他想再看看劍七頭頂的詞條,但是戰場變幻太快,他不敢看,畢竟萬一劍七遇險,他得第一時間出手幫忙。

即便他自己只有六品下階竟,也哪怕這麼一來會暴露底牌,但是這些日子他早已將劍七視作老友,斷不可能袖手旁觀。

果然,高猛隨後趕到,將高盛從劍七的壓迫下救了出來!

“坎位!”

高猛忽地喊了一聲,高盛心領神會,閃至坎位。

繼而,高猛持重刀,勢大力沉接連猛攻,高盛持輕刀,如毒蛇吐信專挑死角,伺機而動!

兄弟二人的殘影在陽光下流動,彷彿兩條首位相接的陰陽魚,整個院子裡已是刀影重重,到處都瀰漫著可見或不可見的刀氣!

“陰陽刀陣,果然名不虛傳!”

剛剛趕到的徐風行忍不住沉聲道,“此陣可困殺四品高手,劍七兄弟恐怕不是對手!”

說著,他手腕一抖,一個機關已悄然握在手中。

薛源不由又心下一緊,再看劍七,果然見他外衫已破十餘道裂口!

然而他竟沒有真正見血!

“每一刀他都在毫釐之間避開?!”薛源一臉不可思議!

高氏兄弟見劍七明明被困在陣中,卻怎麼也不受傷,同樣心中駭然!

於是高猛忽喊一聲,“兌位!”

兩人立即變陣!

兩柄刀交錯劃出圓弧,刀芒竟在半空之中凝成磨盤大小的氣旋,攪得滿院空氣如沸騰般翻滾!

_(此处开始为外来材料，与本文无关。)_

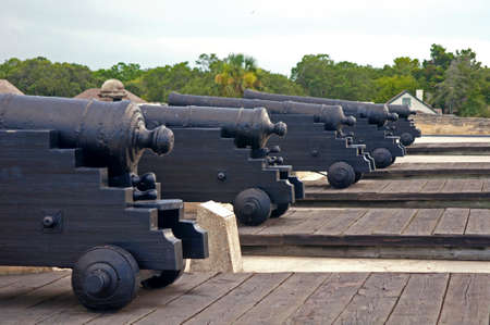 Late nineteenth (19th) century iron cannons, in exhibition. Fort De Soto, Florida

二人在氣旋掩護下展開狂攻,劍七知那氣旋的厲害,不敢硬碰,一連被逼退了七步,後背撞上了桂花樹!

高猛見狀,當即躍起,重刀攜風雷之聲朝劍七當頭斬下去,而高盛的輕刀則悄無聲息刺向劍七丹田!

見劍七陷入絕境,薛源當即抬起右手,準備發射極光電影針!

而徐風行也抬手,準備放機關!

然而劍七卻是雙目猛地一睜,眼中閃過一絲快意,更閃過如穿越二十年時光的流光!

“起!”

伴隨一聲大吼,劍七的身影忽然模糊成三道!

一道如蒼松迎客,一道如白虹貫日,最後一道則如驚鴻掠空!

“嘭”!

高猛的刀穿過其中一道身影,卻最終只砍在桂花樹上,三人合抱粗的桂花樹當即被砍成兩段,轟然而倒!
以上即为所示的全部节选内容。